Jealous stopped short of claiming a commitment from O'Malley to make repeal a part of his own legislative agenda and to make an all-out effort for repeal. The NAACP chief expressed confidence that by the time the legislature convenes Jan. 9, the organization will have lined up enough votes to show O'Malley the effort can succeed.
“He is asking us to show we still have the support,” Jealous said.
Raquel Guillory, a spokeswoman for O'Malley, agreed that the meeting went well and confirmed Jealous' account.
“The governor would like to gauge the support for a potential ban and would like to take this information into account as to whether to move forward,” she said. Guillory said the question of whether to incorporate repeal into his 2013 agenda is “still under discussion.”
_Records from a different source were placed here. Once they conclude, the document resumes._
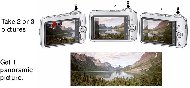 NOTE: | For best results, use a tripod. Only the panoramic picture is saved; individual pictures are not. (Exposure and white balance are set with the first picture. The flash is set to Off.) |
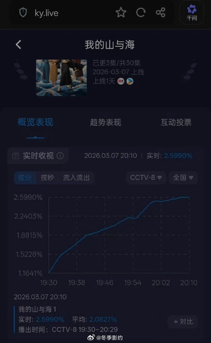 谭松韵我的山与海收视破2.5从第一集就开始飙收视,谭松韵这cvb体质真是没谁了。《我的山与海》这才刚开始,后面还要冲更高
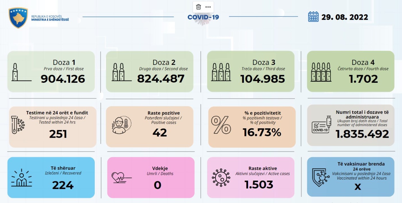 Në 24 orët e fundit nuk është shënuar asnjë vdekje ndërsa janë regjistruar 42 raste të reja.
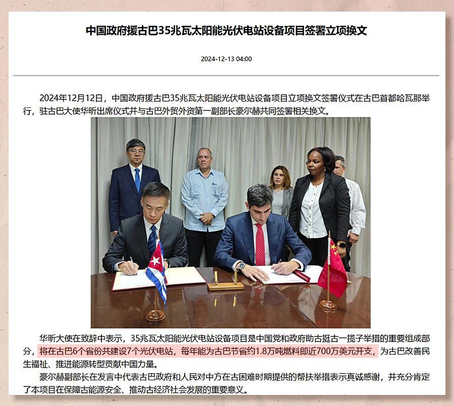 在中古 " 一带一路 " 合作框架内,能源合作也成为重要内容。2024 年 12 月 12 日,中国政府援古巴 35 兆瓦太阳能光伏电站设备项目立项换文签署。古巴未来面临的或将是国家现代化的综合诉求,而不仅是电力领域的发展。
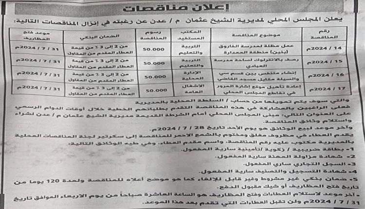 وأشار المجلس المحلي بمديرية الشيخ عثمان، إلى أن آخر موعد لبيع الوثائق والمظاريف - البالغ رسوم كل مناقصة "50" ألف ريال، وقيمة الضمان البنكي ما بين "2 إلى 3%" من قيمة العطاء المقدم من المقاول - هو يوم الأحد الموافق 28 / 7 / 2024م.
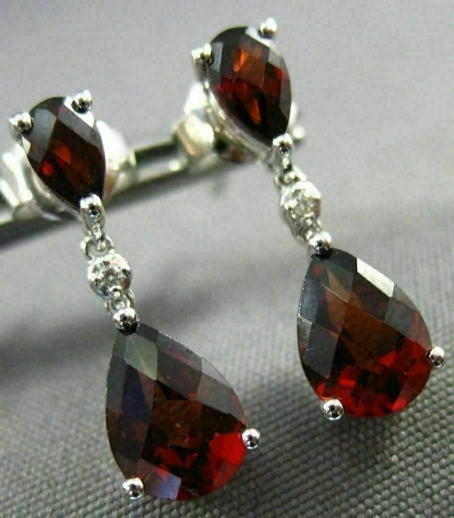 ESTATE 14KT WHITE GOLD HANGING EARRINGS. 3D TEAR DROP DESIGN. DIAMONDS ARE F/G COLOR, VSSI CLARITY .01 CARATS. AAA GARNETS ARE 2.40 CARATS. MEASURES 17mm X 5mm. WRITTEN APPRAISAL AVAILABLE. COMES IN A PRESENTABLE GIFT BOX.
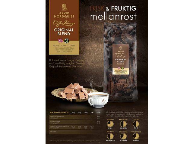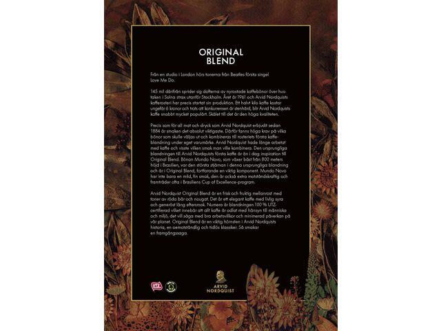 Arvid Nordquist Original Blend är ett klassiskt mellanmörkrostat kaffe med elegant och frisk karaktär. Smaken är rund och nötig med en generöst lång, frisk eftersmak. Bönorna är 100% Arabicabönor, odlade på hög höjd där de får mogna långsamt för optimal smakutveckling. Frukten plockas normalt för hand och bearbetas varsamt för att bevara bönornas naturliga arom och kvalitet. Ett balanserat och friskt kaffe som passar perfekt för såväl morgonkoppen som eftermiddagens fika.
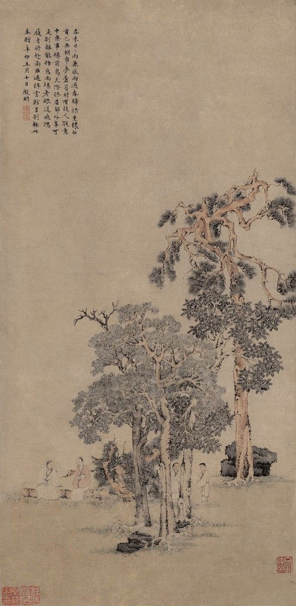 文徵明《送别图》:此作画柏槐三株,枝 虹结,皮老苍藓,右后为古松一株,高耸入云。树枝的伸展与相互穿插,树节的夸大明晰,为文氏晚年画法的一大特色。二高士踞坐左侧石岩上,一人端穆,另一人则旷达萧散,即征明与王宠的写照、二童捧物,隐立于树后。设色不多,以浅锋为主,树皮、人面、土坡悉用赭石染,赭墨分,仅一人衣略作朱色。
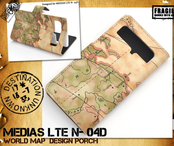 レトロな世界地図デザインがオシャレな、MEDIAS LTE N-04D用ケースポーチ!
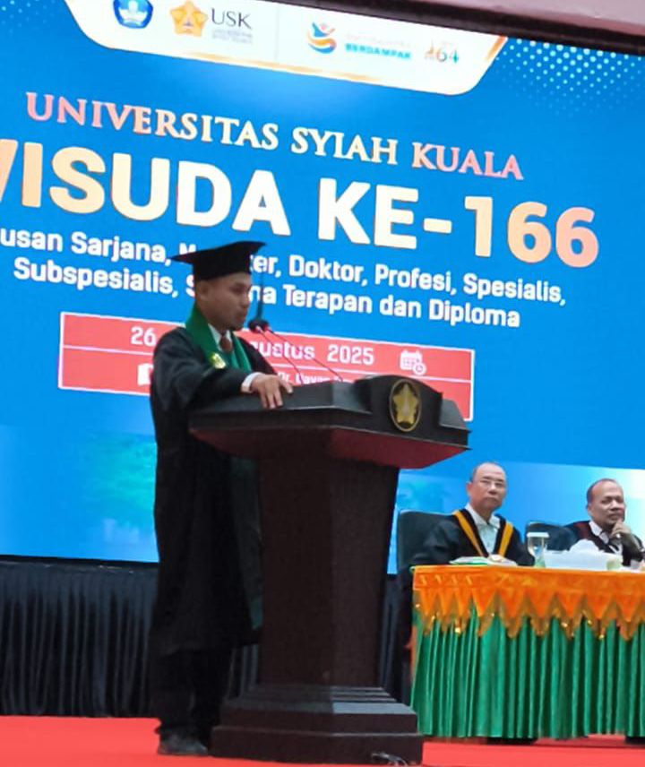 Banda Aceh, 26 Agustus 2025 – Riski Maulana, mahasiswa Program Studi Teknik Pertanian Fakultas Pertanian Universitas Syiah Kuala (USK), menjadi salah satu wisudawan yang mewakili penerima beasiswa KIP pada wisuda ke-166 USK. Riski bukan hanya sukses menyelesaikan studinya, tetapi juga meraih kesuksesan dalam dunia wirausaha, menjadi contoh nyata bagi mahasiswa lainnya bahwa pendidikan dan kewirausahaan dapat berjalan beriringan.
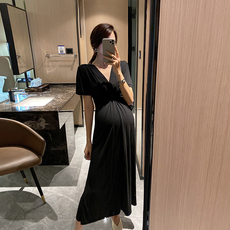孕妇夏装短袖气质宽松连衣裙长款2025韩版新款夏季孕妇装黑色裙子
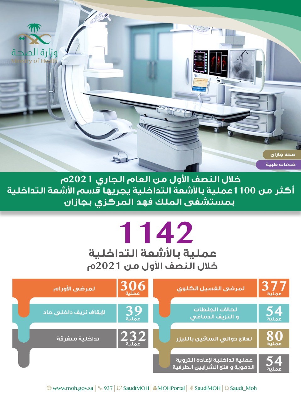 قالت الصحة في جازان بان قسم الأشعة التداخلية بمستشفى الملك فهد المركزي بجازان أجرى عدد " 1143 " عملية بالأشعة التداخلية خلال النصف الأول من العام 2021 م
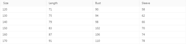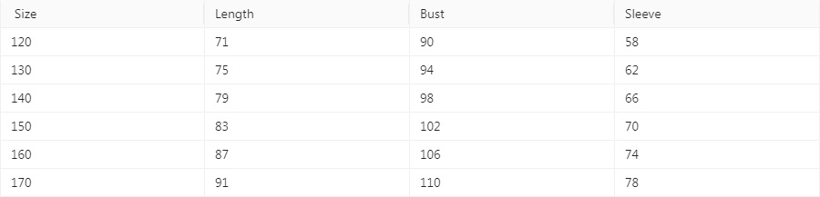 Size: 120cm, 130cm, 140cm, 150cm, 160cm, 170cm
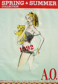 The brand would go on to primarily stylize their name as A.O., with that mark appearing in fabric textiles. Note the difference between the 1988 and 1992 collection posters below.
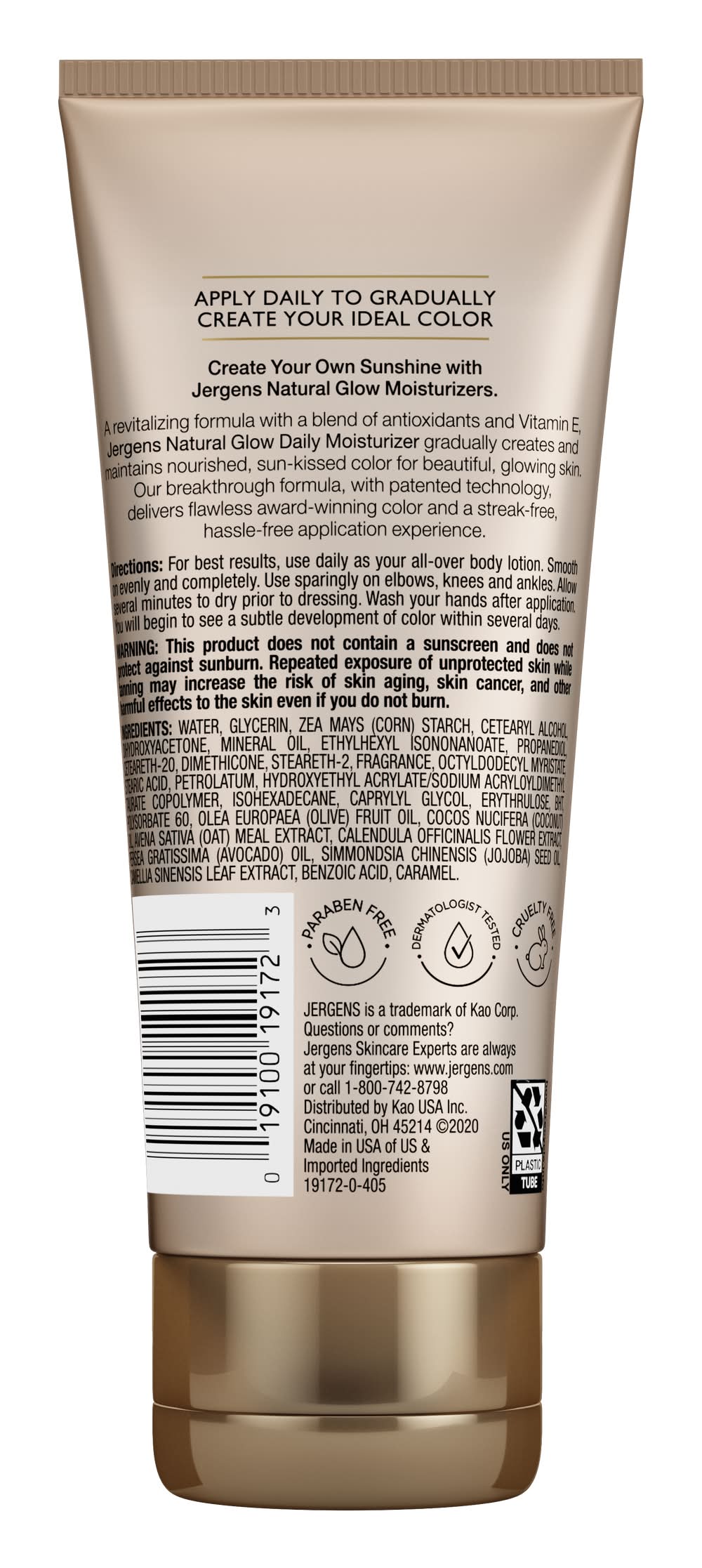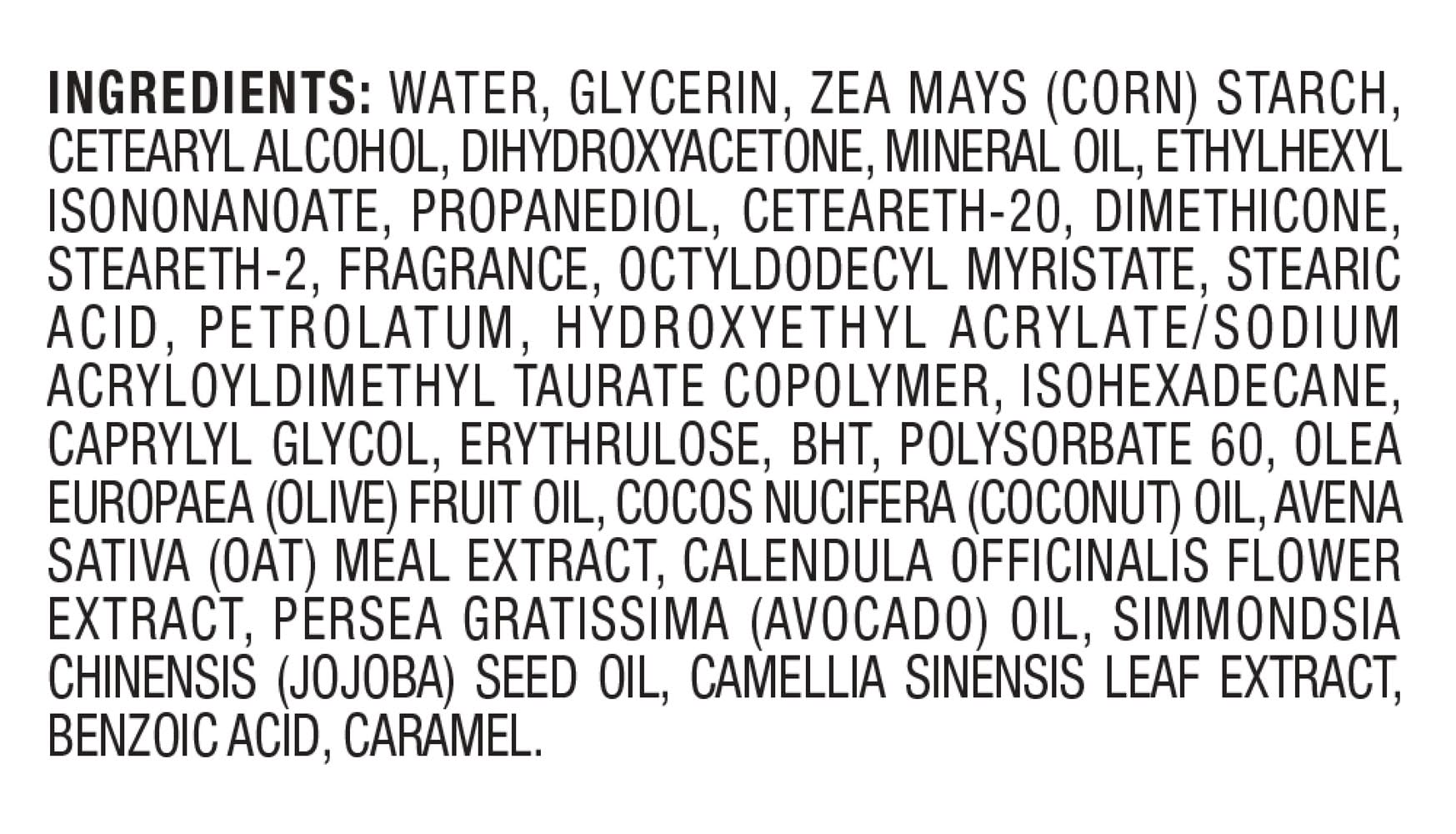 Ingredients: Water, Glycerin, Zea Mays (Corn) Starch, Cetearyl Alcohol, Dihydroxyacetone, Mineral Oil, Ethylhexyl Isononanoate, Propanediol, Ceteareth-20, Dimethicone, Steareth-2, Fragrance, Octyldodecyl Myristate, Stearic Acid, Petrolatum, Hydroxyethyl Acrylate/Sodium Acryloyldimethyl Taurate Copolymer, Isohexadecane, Caprylyl Glycol, Erythrulose, BHT, Polysorbate 60, Olea Europaea (Olive) Fruit Oil, Cocos Nucifera (Coconut) Oil, Avena Sativa (Oat) Meal Extract, Calendula Officinalis Flower Extract, Persea Gratissima (Avocado) Oil, Simmondsia Chinensis (Jojoba) Seed Oil, Camellia Sinensis Leaf Extract, Benzoic Acid, Caramel
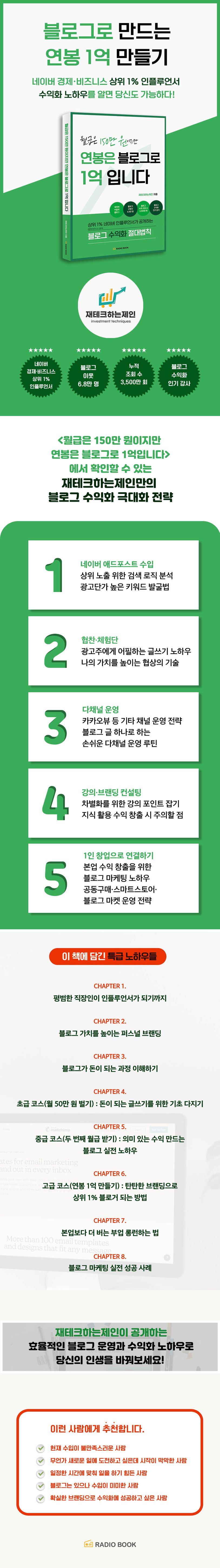 'CHAPTER 6. 고급 코스(연봉 1억 만들기) : 탄탄한 브랜딩으로 상위 1% 블로거 되는 방법'은 최상위 블로거인 저자가 제시하는 상위 1% 블로거 도약을 위한 브랜딩 전략을 제시한다. 블로그 기반의 1인 창업과 강의와 스터디, 브랜딩 컨설팅 등 지식으로 수익을 창출하는 노하우를 전한다.
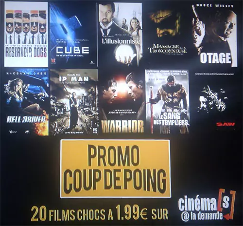 C’est la semaine des promos sur les services de VOD disponibles sur la Freebox. Après Pluzz et son offre à -50%, après Canalplay VOD et sa sélection de films à partir de 1 euro, et après le lancement de Filmo TV, avec le premier mois offert, c’est le service Cinéma @ la demande de proposer d’annoncer une offre. Nommé « promo coup de poing » celle-ci propose 20 films « chocs » à 1,99€. Vous pouvez retrouver ce service, qui propose en particulier les films de la Metroplolitan et une offre 3D, sur le vidéo club de la Freebox.
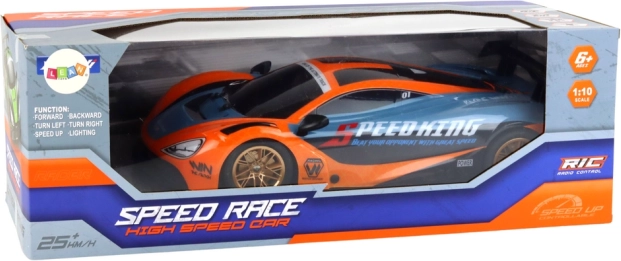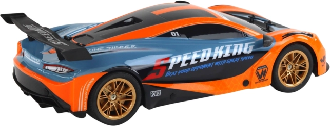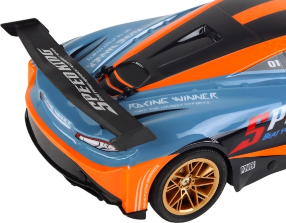 Ontdek plezier op volle snelheid met deze nauwkeurig afgewerkte RC-auto op schaal 1:10. De oranje-blauwe sportieve uitvoering met gouden velgen en achterspoiler biedt zowel een geweldige look als prestaties. Dankzij de 2.4G-frequentie heb je stabiel bereik en nul storing, zodat je met meerdere auto’s tegelijk kunt rijden.
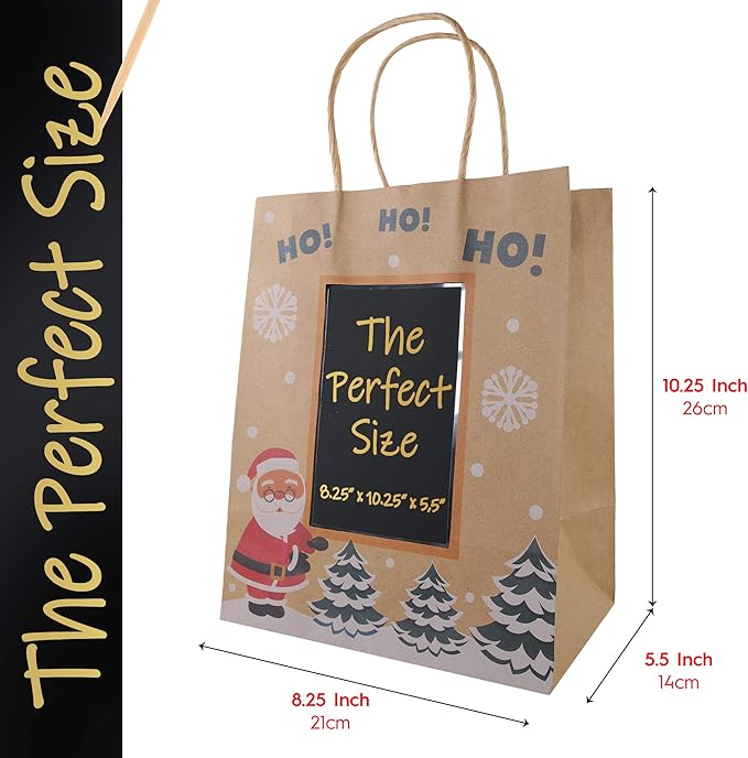 - FUN PRACTICAL DESIGNS! 3 different bag designs in each box (2 of each). These kraft bags with handles measure 5" deep x 8" wide x 10" bag height + 4" handle drop.
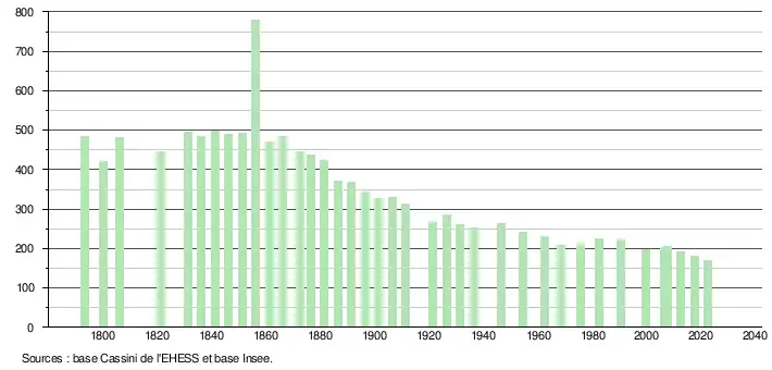 L'évolution du nombre d'habitants est connue à travers les recensements de la population effectués dans la commune depuis 1793. Pour les communes de moins de 10 000 habitants, une enquête de recensement portant sur toute la population est réalisée tous les cinq ans, les populations de référence des années intermédiaires étant quant à elles estimées par interpolation ou extrapolation[31]. Pour la commune, le premier recensement exhaustif entrant dans le cadre du nouveau dispositif a été réalisé en 2007[32].

O'Malley previously made a strong push for repeal in 2009, but the effort fell short when senators substituted a compromise measure that kept the death penalty but narrowed the circumstances under which it can be used. Since then repeal bills have been bottled up in the Senate Judicial Proceedings Committee, where there has been a 6-5 majority in favor of keeping the death penalty on the books.
Jealous acknowledged that there is no sign that count has changed, but he said that with Miller's support, a bill could be brought to the floor without winning a committee vote.
Miller, a Calvert County Democrat, has in the past expressed personal support for retaining capital punishment. But in some cases, as in last year's vote in favor of same-sex marriage, he has given the governor an opportunity for a floor vote on legislation he has voted against.
Jealous expressed hope that Miller may be reconsidering his past support for the death penalty.